Ils étaient notamment accusés par le TSL de "complicité de commission d'un acte de terrorisme" mais aussi de "complicité d'homicide intentionnel". M. Oneissi était aussi soupçonné d'avoir recruté un islamiste libanais, Ahmed Abu Adass, et de l'avoir aidé à enregistrer la fausse vidéo de revendication.

Le tribunal a rejeté en 2018 une requête de la défense pour un acquittement de Hussein Oneissi, estimant que l'accusation avait "fourni suffisamment de preuves" pouvant justifier en théorie sa condamnation. La plupart des éléments recueillis à l'encontre de M. Oneissi étaient basés sur des enregistrements de téléphonie mobile ou des cartes SIM utilisées pendant l'attentat.

Pour la défense, il s'agissait de preuves "théoriques" et les accusés n'avaient "aucun mobile" pour participer à l'assassinat.

Le dernier suspect, Hassan Habib Merhi, 54 ans, faisait également face à plusieurs chefs d'accusation, tels que “complicité de perpétration d'un acte de terrorisme” et "complicité d'homicide intentionnel".

Moustafa Badreddine, le principal suspect décrit comme le "cerveau" de l'attentat par les enquêteurs, est mort depuis et n'a donc pas été jugé.
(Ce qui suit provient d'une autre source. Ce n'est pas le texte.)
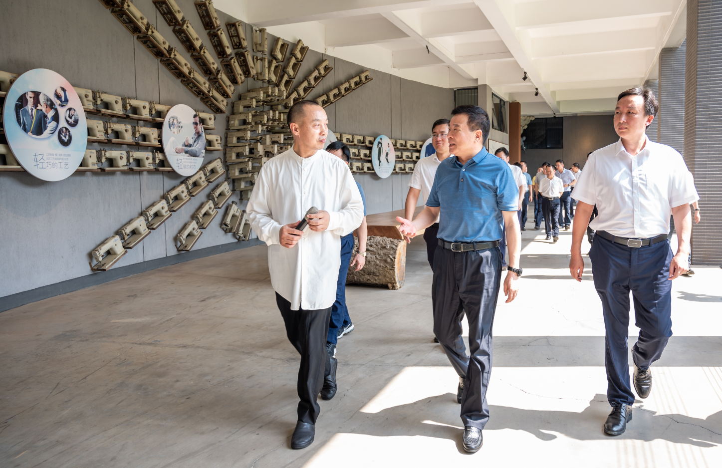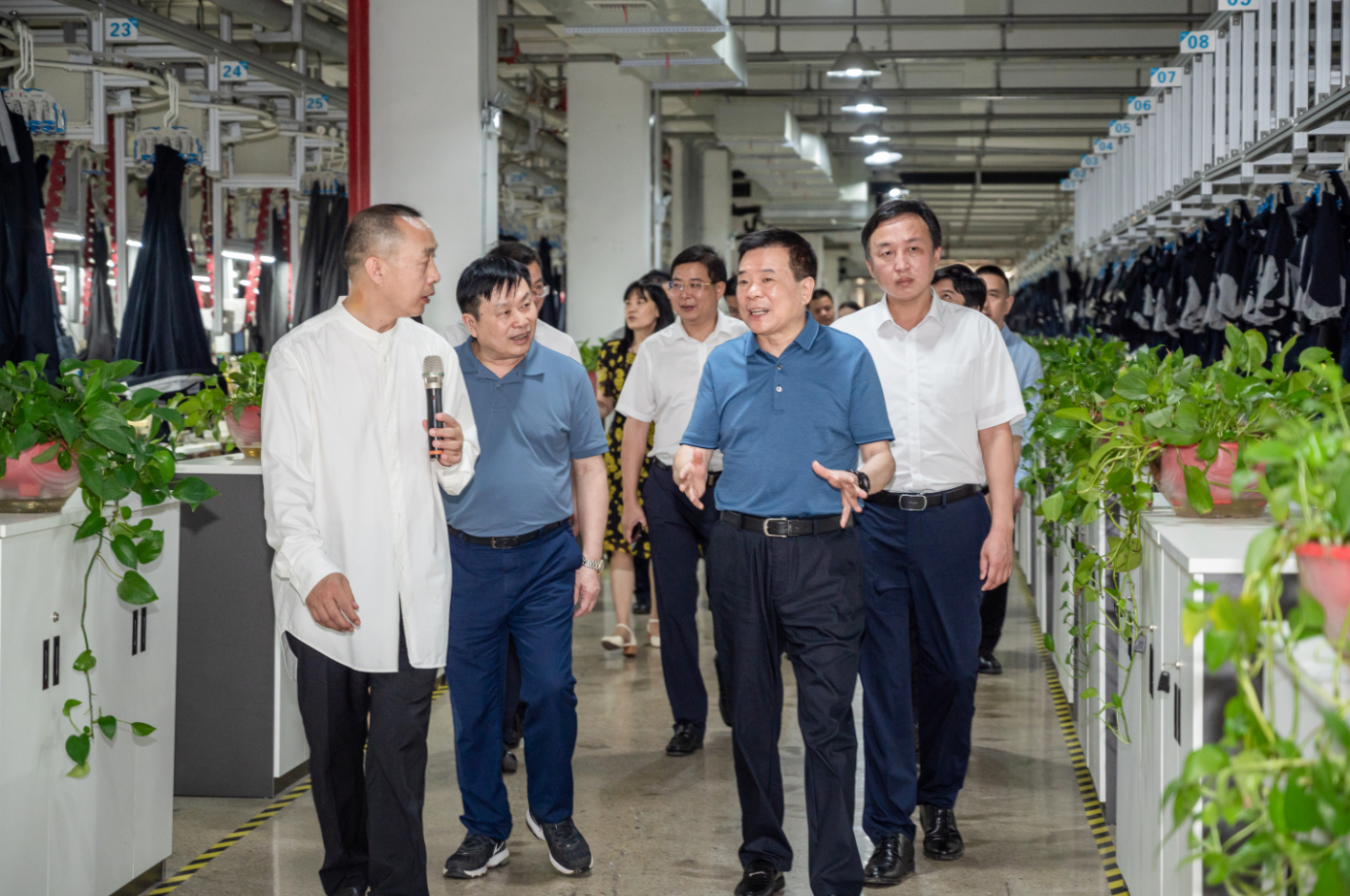 6月8日,湖南省副省長陳飛、副秘書長周義祥、湖南省工信廳副廳長黃寶林、湖南省科技廳副廳長魯先華等領(lǐng)導(dǎo)一行蒞臨圣得西集團考察指導(dǎo)工作,在圣得西集團羅文亮董事長的帶領(lǐng)下考察了圣得西產(chǎn)業(yè)園區(qū)智能工廠、企業(yè)文化長廊、全品類服裝展廳以及產(chǎn)品研發(fā)中心,現(xiàn)場體驗了抗菌、防水、抗皺、蓄熱等系列新產(chǎn)品。
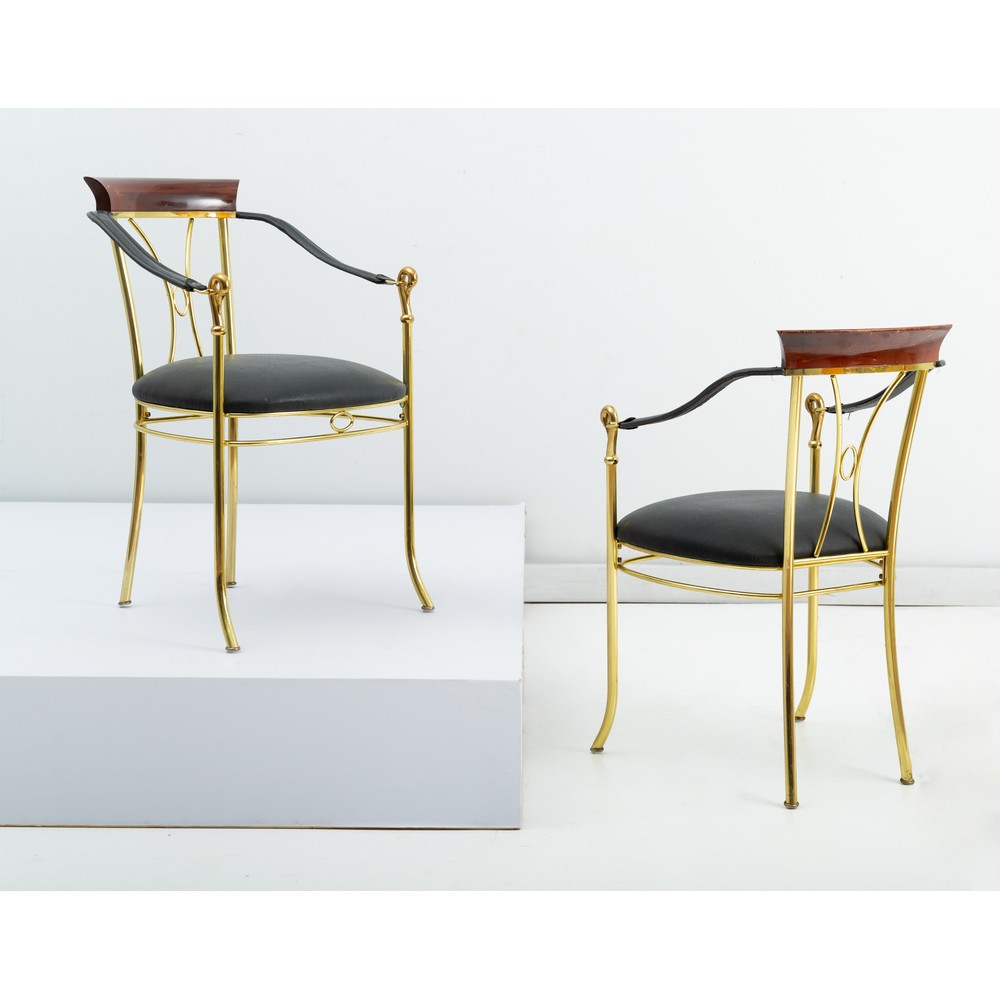 Coppia di sedie con struttura in tubolare di metallo dorato 24 kt, seduta e braccioli in pelle nera, parte superiore della spalliera in legno di mogano, decoro a testa di cigno sul fronte del bracciolo.
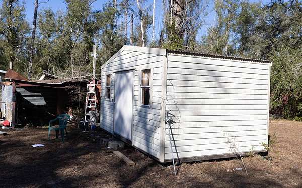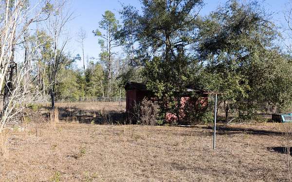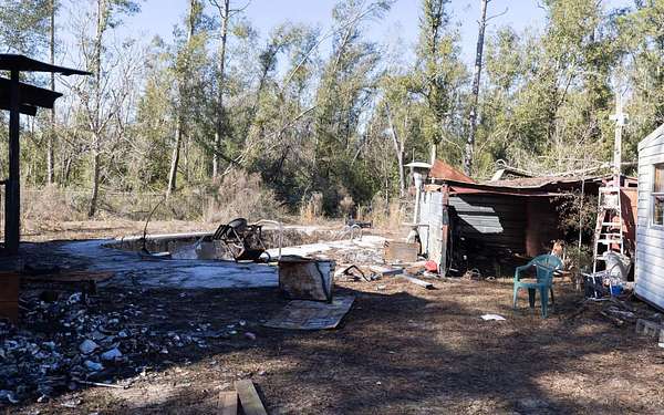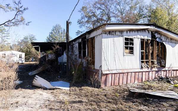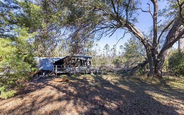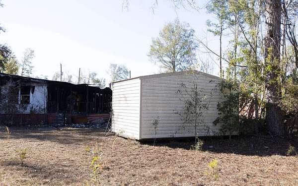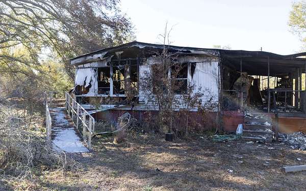 Good opportunity for a fresh start! This 4 acres has a burned home (not salvageable) and part of a former inground pool that will need removed and cleaned up by the next owner. Would then make a nice future home site. There are approximately 2 acres of area chain link fenced in, two sheds, nice planted trees including cedars and pecans. Short distance off of a paved road. There is existing well, septic system and power pole, but no guarantees or warranties on it. New permitting and inspections would be required to get power turned back on. Small amount of flood zone AE per maps. Cash offers only please. Please do not attempt to go into or around the burned down MH, a lot of hazards, as well as the open former pool area as shown in the photos.
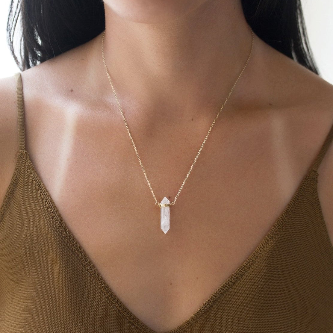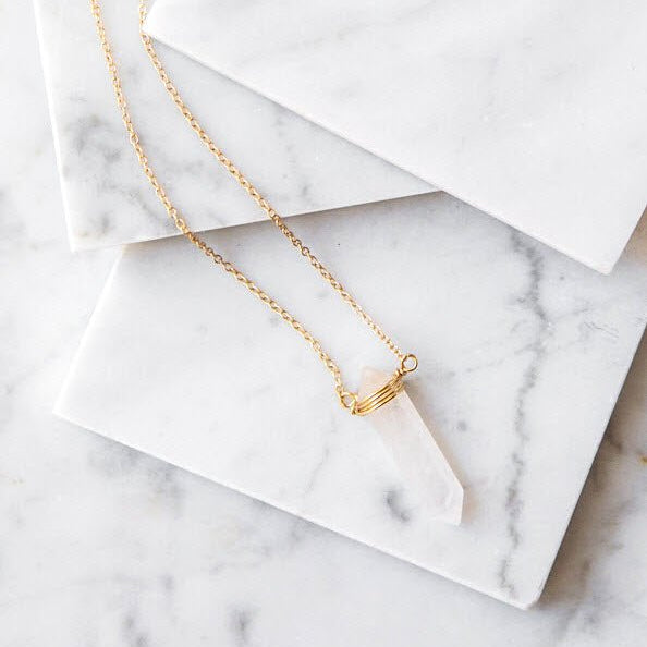This necklace features a delicate quartz pendant that is wire wrapped in Gold Vermeil. Layer with other pieces for a subtle statement or wear alone for minimalism.
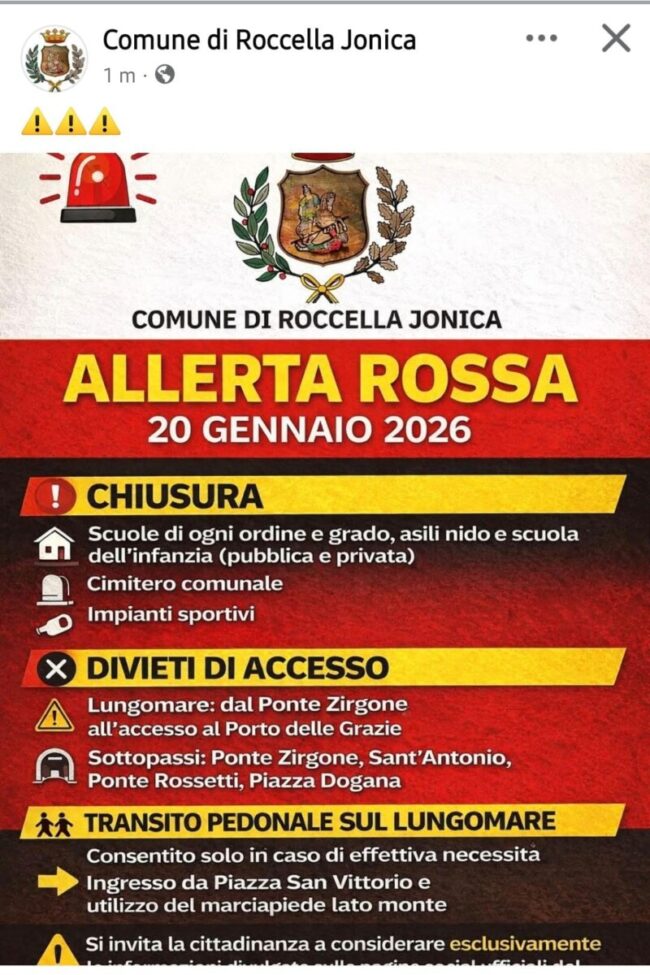 Come conseguenza dell’allerta rossa diramata dalla Protezione civile per la giornata di domani 20 gennaio 2026, il comune di Roccella Jonica ha preso dei provvedimenti a tutela dell’incolumità pubblica:
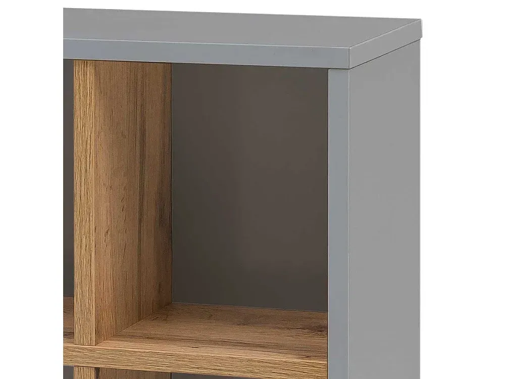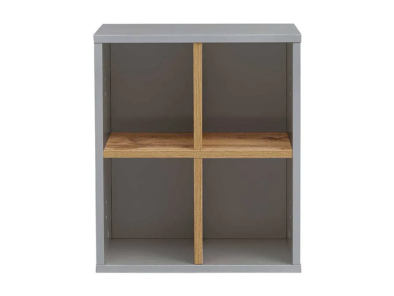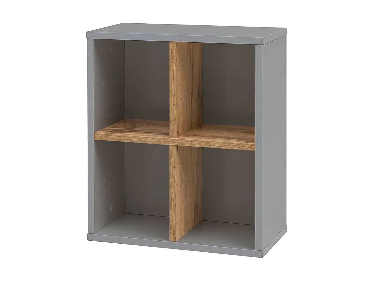 Wandregal in rechteckiger Form mit vier Fächern. Hergestellt aus melaminbeschichteter Spanplatte. Erhältlich in Platingrau und Eichenfarben. Maße: 41 cm breit, 48 cm hoch, 21 cm tief. In Landhausstil.

Ancien chef militaire du Hezbollah, il a été tué en mai 2016, dans un attentat près de l'aéroport de Damas, selon son organisation.

A l'époque, le mouvement chiite, militairement impliqué dans le conflit syrien au côté du régime, avait accusé des islamistes extrémistes "takfiris" d'avoir mené l'attaque, qui n'a jamais été revendiquée et dont les circonstances restent mystérieuses à ce jour.

La même année, le TSL avait annoncé qu'il ne poursuivrait pas le procès de Badreddine, estimant avoir des "preuves suffisantes" confirmant son décès.